TASK DETAILS: An exact copy of the listing below is the answer, with the pictures removed.

************

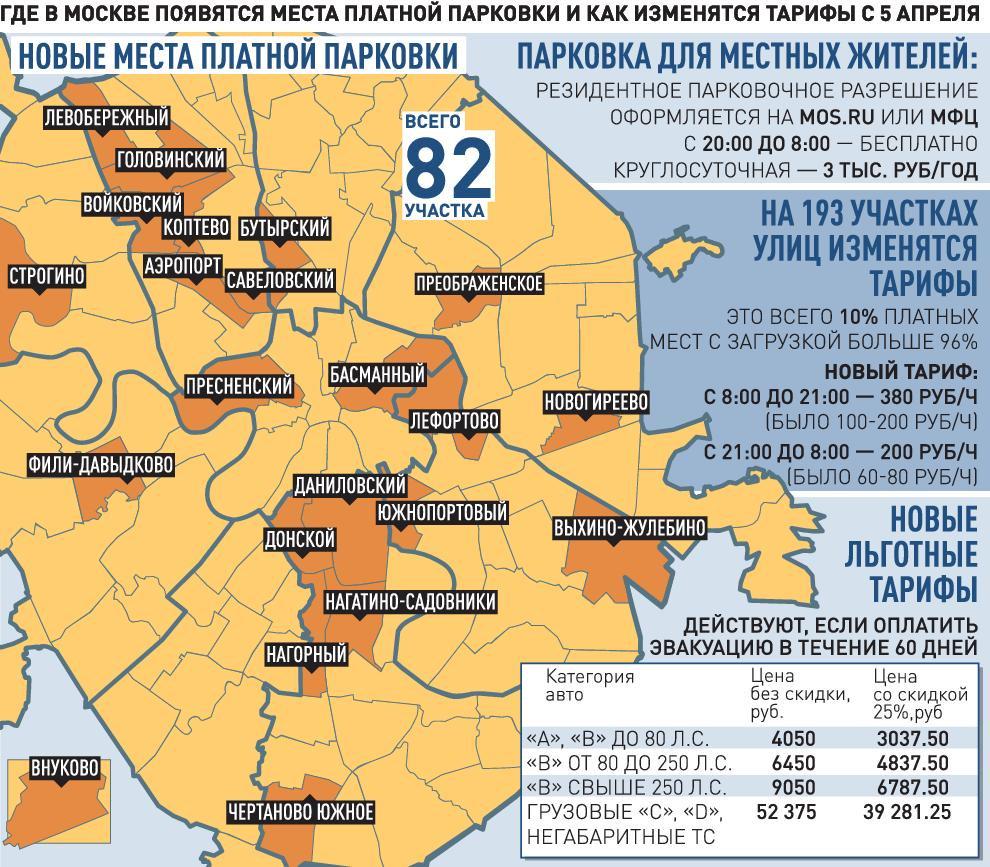 Часть парковок станет платной впервые. В Пресненском, Басманном, Савеловском, Аэропорт, Даниловском, Донском, Нагорном, Бутырском и других районах счетчик платной стоянки включится на улицах, где расположены торговые и офисные центры, парки и магазины, куда съезжаются москвичи со всего города. Всего появится 82 платных участка. Часть мест на них будут доступны за деньги для всех водителей, а часть будут предназначаться только для владельцев парковочных разрешений.
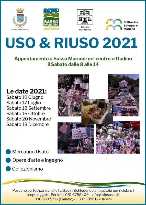 Ogni terzo Sabato del mese torna l'appuntamento con “Uso & Riuso” il mercatino dell’usato a Sasso Marconi organizzato dalla Proloco di Sasso Marconi.
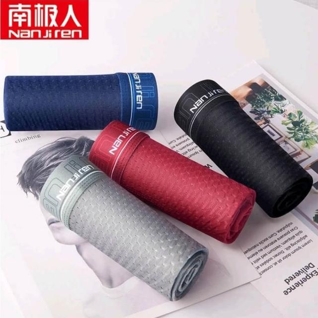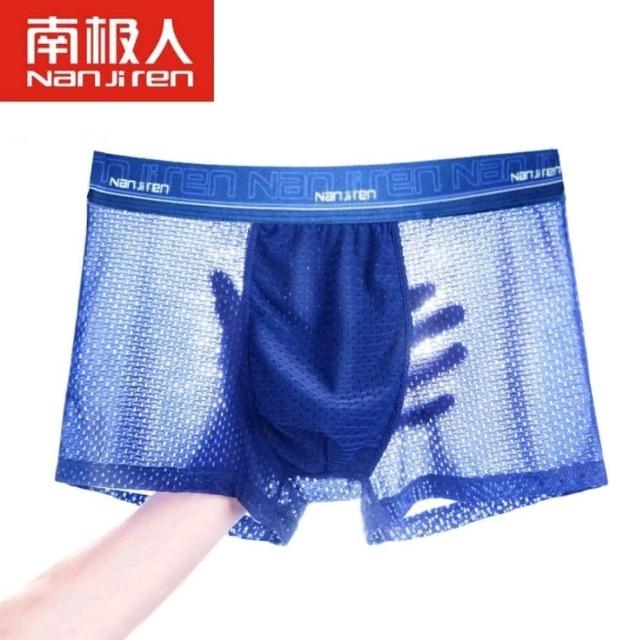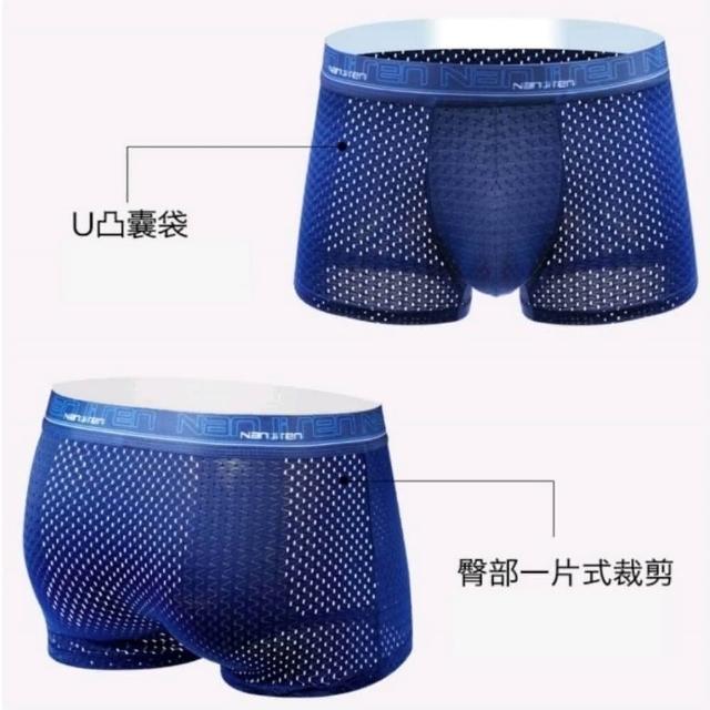 [RYANZ] 南極人 時尚冰絲全網眼 男生四角褲 彈性透氣涼感內褲 (灰銀藍黑 四件盒裝)
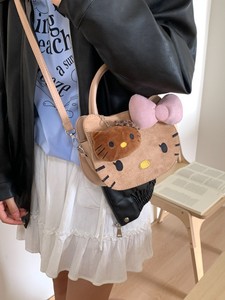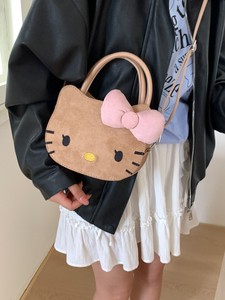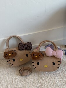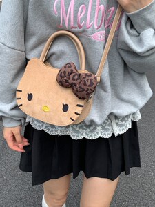 软妹风可爱卡通猫咪手提包女生甜美时尚豹纹蝴蝶结可爱斜挎包礼物
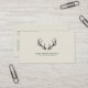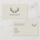 A simple business card with an elegant deer antlers illustration on a cream-colored background, with deep forest green texts. The design balances rustic natural imagery with contemporary design principles, perfect for outdoor, taxidermist, hunting, outdoor-related activities, or nature-based businesses.
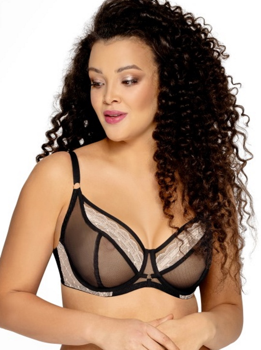 Черный 80D Бюстгальтер 1969 M выполнен на косточках, чашки шитые из чёрной сетки, верхняя часть чашки из черной сетки и кружева цвета экрю. Бретельки бюста не отстёгиваются, регулируются по длине. На спине застёжка на удлинитель, количество крючков в ряду застёжки увеличивается пропорционально размеру бюстгальтера. Бюстгальтер идеально сочетается с трусиками 1968, 1969. полиамид 88%, хлопок 8%, эластан 4%
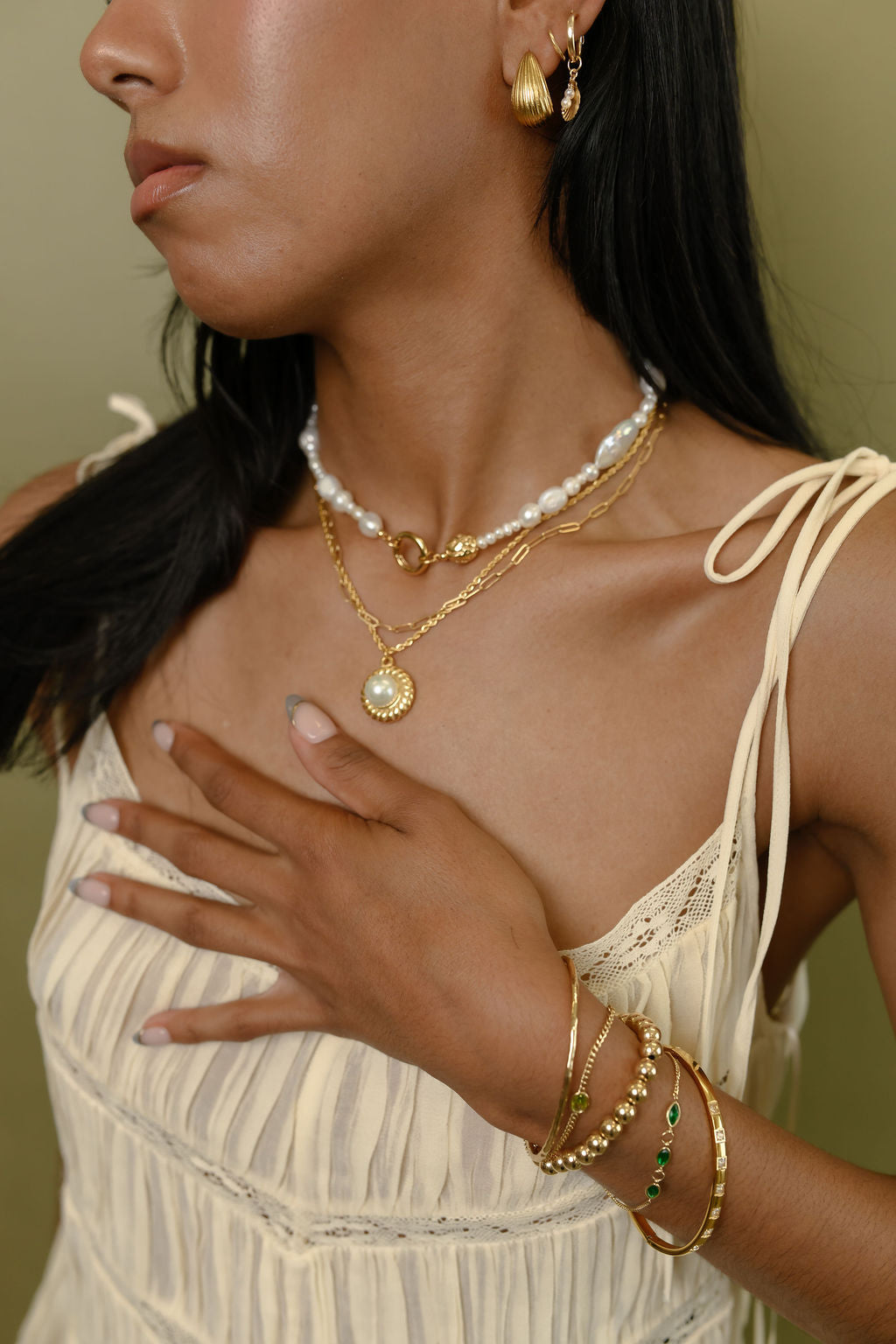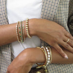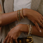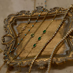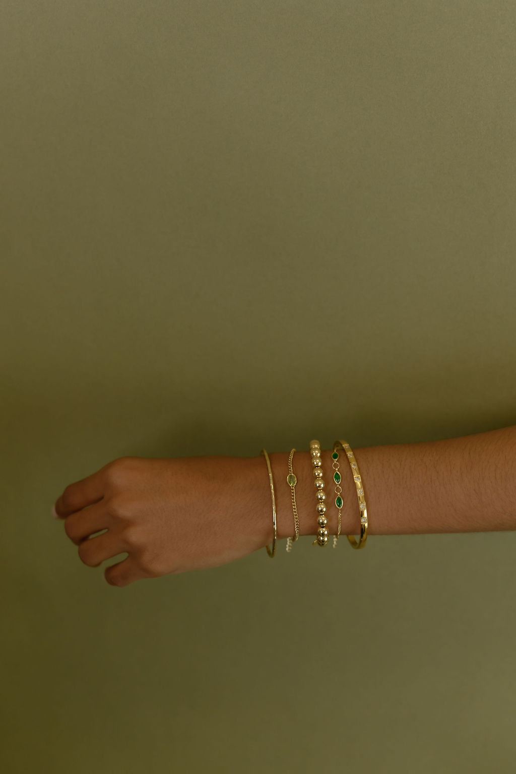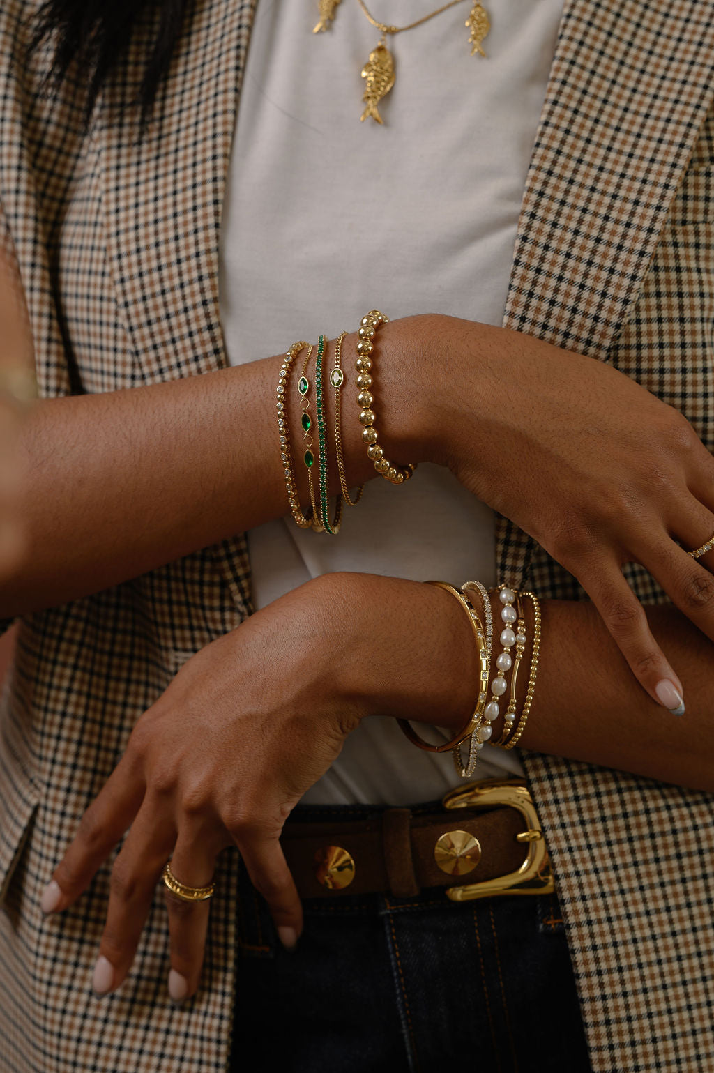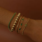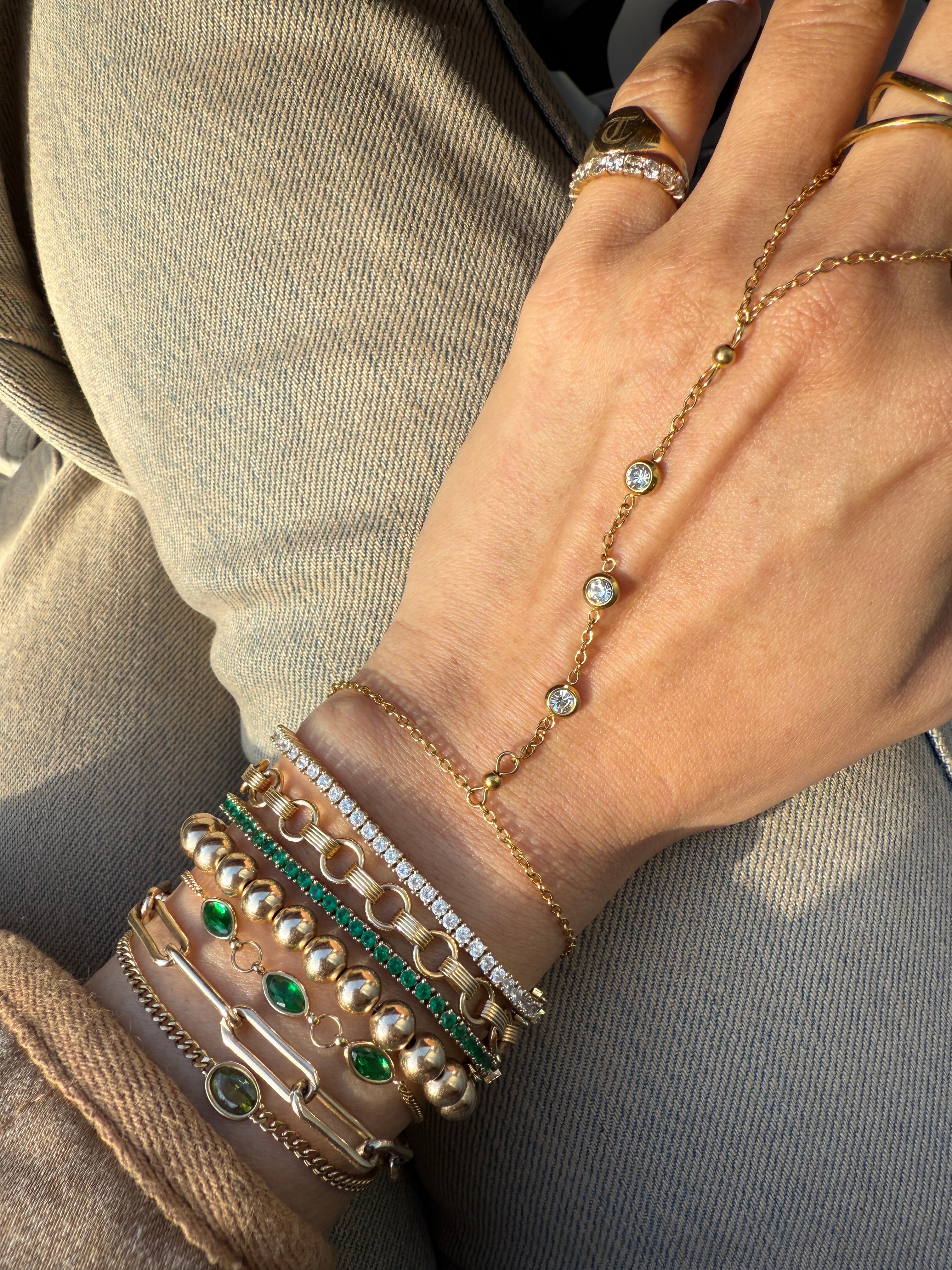 Paying homage to the trend in marquise stones, the Emerald Marquise bracelet is flowy, fun, and effortless. Three emerald stones sit spaced apart by oversized gold hoops, with a dainty curb chain to tie it all together.

************

ANSWER:
 Часть парковок станет платной впервые. В Пресненском, Басманном, Савеловском, Аэропорт, Даниловском, Донском, Нагорном, Бутырском и других районах счетчик платной стоянки включится на улицах, где расположены торговые и офисные центры, парки и магазины, куда съезжаются москвичи со всего города. Всего появится 82 платных участка. Часть мест на них будут доступны за деньги для всех водителей, а часть будут предназначаться только для владельцев парковочных разрешений.
 Ogni terzo Sabato del mese torna l'appuntamento con “Uso & Riuso” il mercatino dell’usato a Sasso Marconi organizzato dalla Proloco di Sasso Marconi.
 [RYANZ] 南極人 時尚冰絲全網眼 男生四角褲 彈性透氣涼感內褲 (灰銀藍黑 四件盒裝)
 软妹风可爱卡通猫咪手提包女生甜美时尚豹纹蝴蝶结可爱斜挎包礼物
 A simple business card with an elegant deer antlers illustration on a cream-colored background, with deep forest green texts. The design balances rustic natural imagery with contemporary design principles, perfect for outdoor, taxidermist, hunting, outdoor-related activities, or nature-based businesses.
 Черный 80D Бюстгальтер 1969 M выполнен на косточках, чашки шитые из чёрной сетки, верхняя часть чашки из черной сетки и кружева цвета экрю. Бретельки бюста не отстёгиваются, регулируются по длине. На спине застёжка на удлинитель, количество крючков в ряду застёжки увеличивается пропорционально размеру бюстгальтера. Бюстгальтер идеально сочетается с трусиками 1968, 1969. полиамид 88%, хлопок 8%, эластан 4%
 Paying homage to the trend in marquise stones, the Emerald Marquise bracelet is flowy, fun, and effortless. Three emerald stones sit spaced apart by oversized gold hoops, with a dainty curb chain to tie it all together.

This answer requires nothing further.